Denis Berger a exercé une influence souterraine importante sur l’extrême-gauche française des années 50 et 60, en particulier à travers le journal La voie communiste, dont il fut le principal animateur. Malgré la grande diversité de ses engagements politiques et organisationnels successifs et souvent éphémères, l’adhésion à un communisme de gauche, antistalinien, anticolonialiste et anti-impérialiste, donne le fil rouge de sa vie militante.

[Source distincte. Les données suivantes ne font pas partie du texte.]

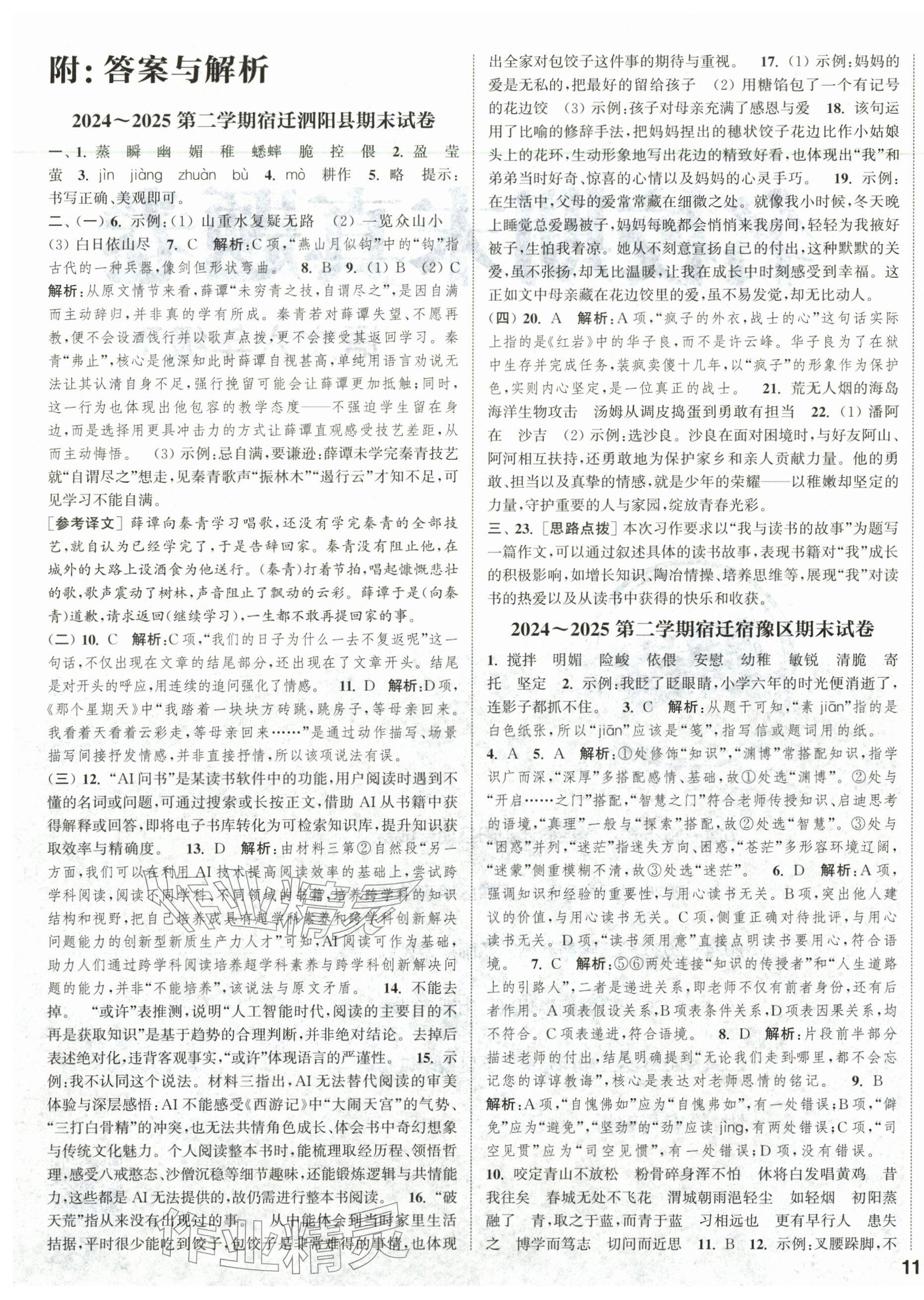 2026年课时作业本阅读与闯关六年级语文下册人教版参考答案第33页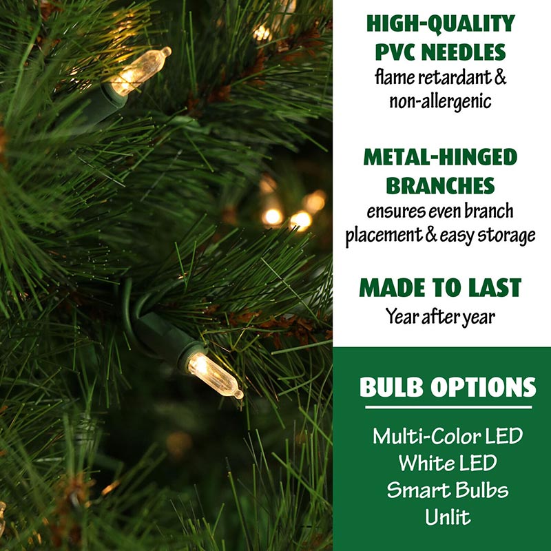 - EASY CONNECT AND STAY LIT TECHNOLOGY: Pre-strung with 600 clear smart lights that stay lit even if one bulb fails. Instant one-click connection makes assembly a snap. No wires, no hassle – one plug for the entire tree.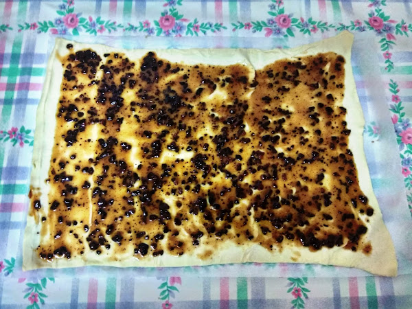 Con una cuchara extendemos la miel con pepitas de chocolate por todo el hojaldre.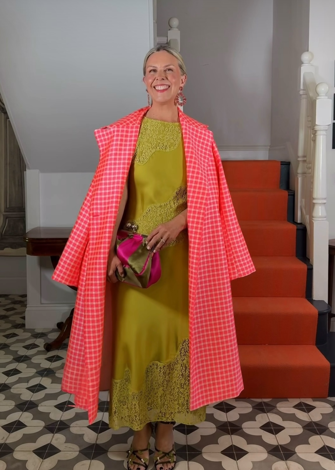 Lime green satin maxi dress with lace panel details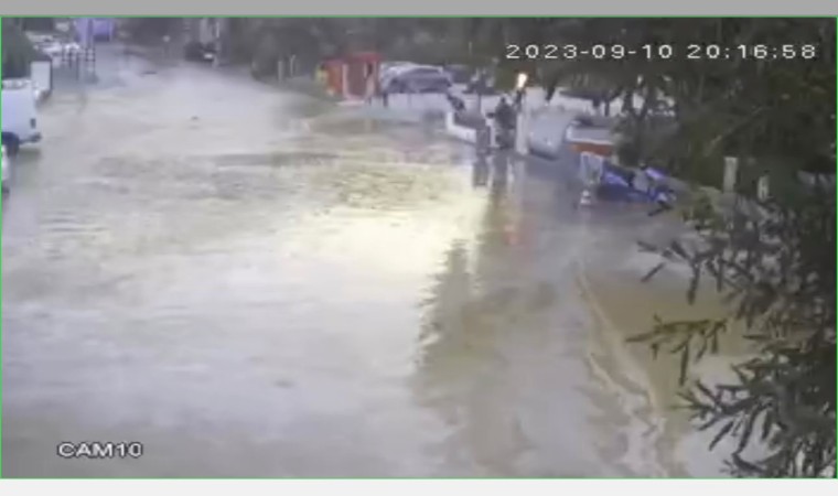 Muğla’nın Bodrum ilçesi Bitez Mahallesi’nde daha önce defalarca patlayan isale hattı, yeniden patladı. Cadde dereye döndü, bir restoranı su basarken o anlar güvenlik kamerasına yansıdı.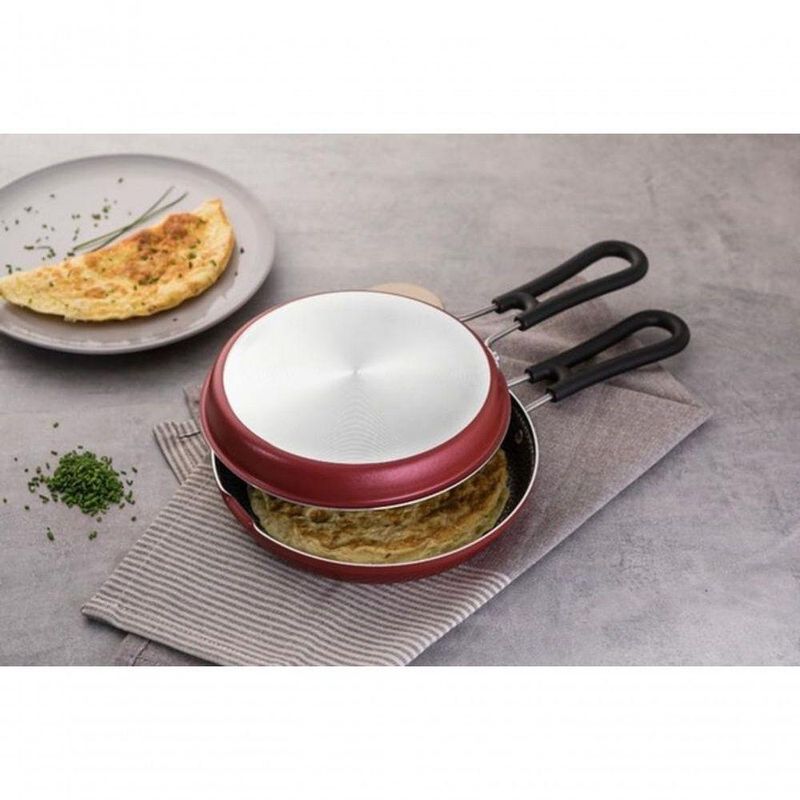 Omeleteira Tramontina Loreto Em Alumínio 24cm AntiaderenteA omeleteira Tramontina Loreto em alumínio com revestimento interno e externo em antiaderente Starflon Max vermelho 24 centímetros de diâmetro é um utensílio indispensável para quem adora saborear aquele omelete de queijo e legumes. Produzida em alumínio com espessura especial e revestimento em antiaderente Starflon Max, ela proporciona o cozimento dos alimentos de maneira uniforme e evita que eles grudem em sua superfície, além de ser durável, fácil de limpar e não prejudicial à saúde. Os cabos são em baquelite, material antitérmico que não aquece e garante um manuseio muito mais confortável e . Além de todas essas características, ela pode ir à máquina de lavar louças, otimizando suas tarefas na cozinha!Recomendações de Uso:Antes do Uso: Lave com esponja macia, sabão neutro ou detergente líquido. Depois de secar, unte a área interna com óleo ou gordura e leve ao fogo por um ou dois minutos. Deixe esfriar e lave novamente. Seu utensílio Starflon está pronto para uso, sempre em fogo baixo ou médio (nunca superior a 260 °C).Modo de Uso: ;Para mexer os alimentos use somente utensílios de silicone, nylon ou madeira. Este produto não necessita de manutenção, apenas limpeza. ;Evite a imersão do utensílio quente em água fria. Nunca utilize produtos abrasivos na lavagem. Se deixar queimar alimentos, umedeça a área e reserve até que possa remover os resíduos grudados com esponja e sabão. ;Informações Adicionais:- Podem ir à máquina de lavar louças facilitando seu dia a dia;- Cabos de baquelite antitérmico que oferecem durante o manuseio;- A capacidade volumétrica máxima para cozimento é de 3/4 da capacidade total da peça;- Corpo de alumínio com espessura de 1,6 mm que proporciona cozimento rápido e uniforme;- Revestimento interno e externo de antiaderente Starflon Max que não gruda, é fácil de limpar, mais durável e não é prejudicial à saúde, pois é livre de PFOA.- Foto meramente ilustrativa.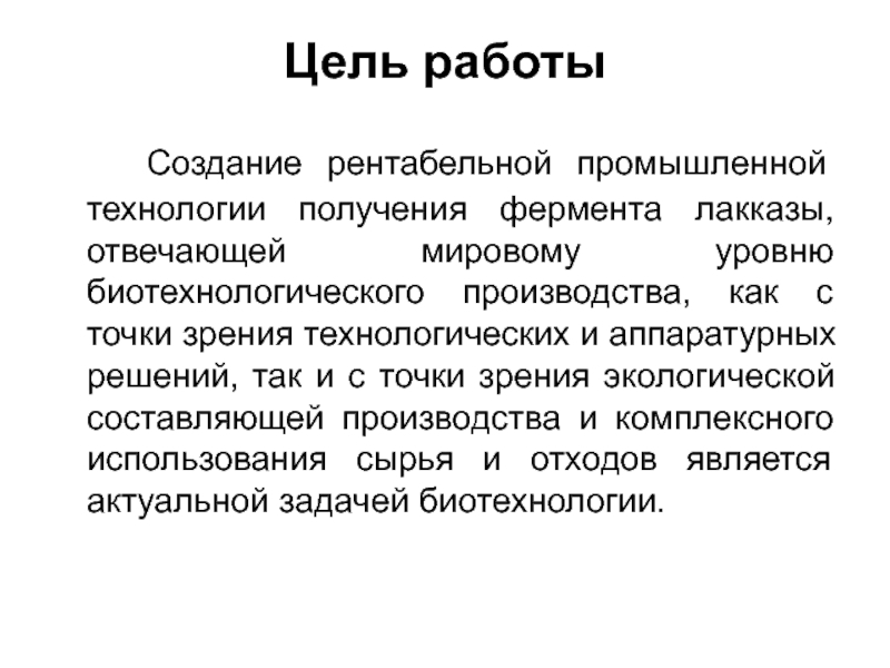 лакказы, отвечающей мировому уровню биотехнологического производства, как с точки зрения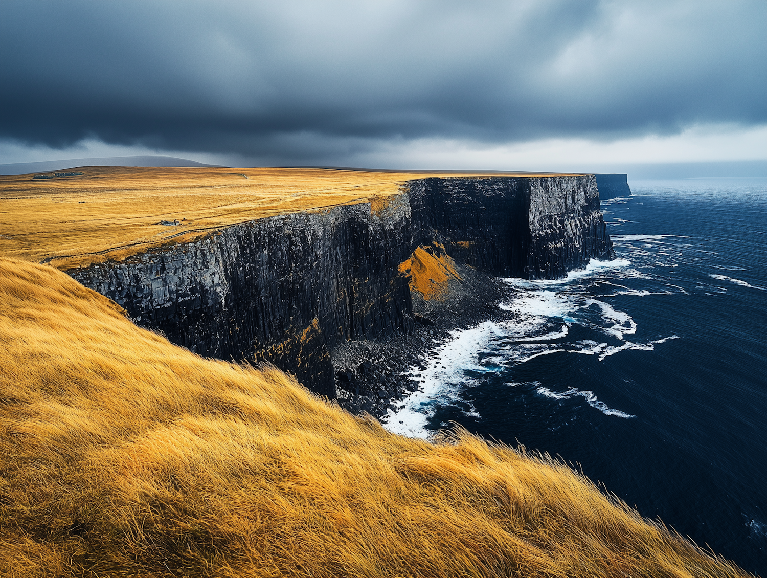 Golden grass meets dramatic cliffs plunging into a dark ocean under a moody, overcast sky. Waves crash below, creating a striking contrast.

Son activité militante commence en mars 1950, quant il adhère à la cellule étudiante du Parti Communiste Internationaliste (PCI), Section Française de la Quatrième Internationale. Sa première action importante sera la participation à la brigade de travail « 14 Juillet » -organisée par le PCI en solidarité avec la Yougoslavie – qui va contribuer à construire une Cité Universitaire à Zagreb (été 1950). De retour à la cellule étudiante du PCI, il participe aux ventes du journal trotskyste « La Vérité » aux portes de la Sorbonne, et se trouve dans l’obligation de se défendre contre des attaques musclées de militants du PCF. Lors d’un meeting le 9 février 1953, il va se confronter personnellement, à coups de gourdins, avec Le Pen et ses hommes, qui interviennent aux cris de « Vive la réaction ! ».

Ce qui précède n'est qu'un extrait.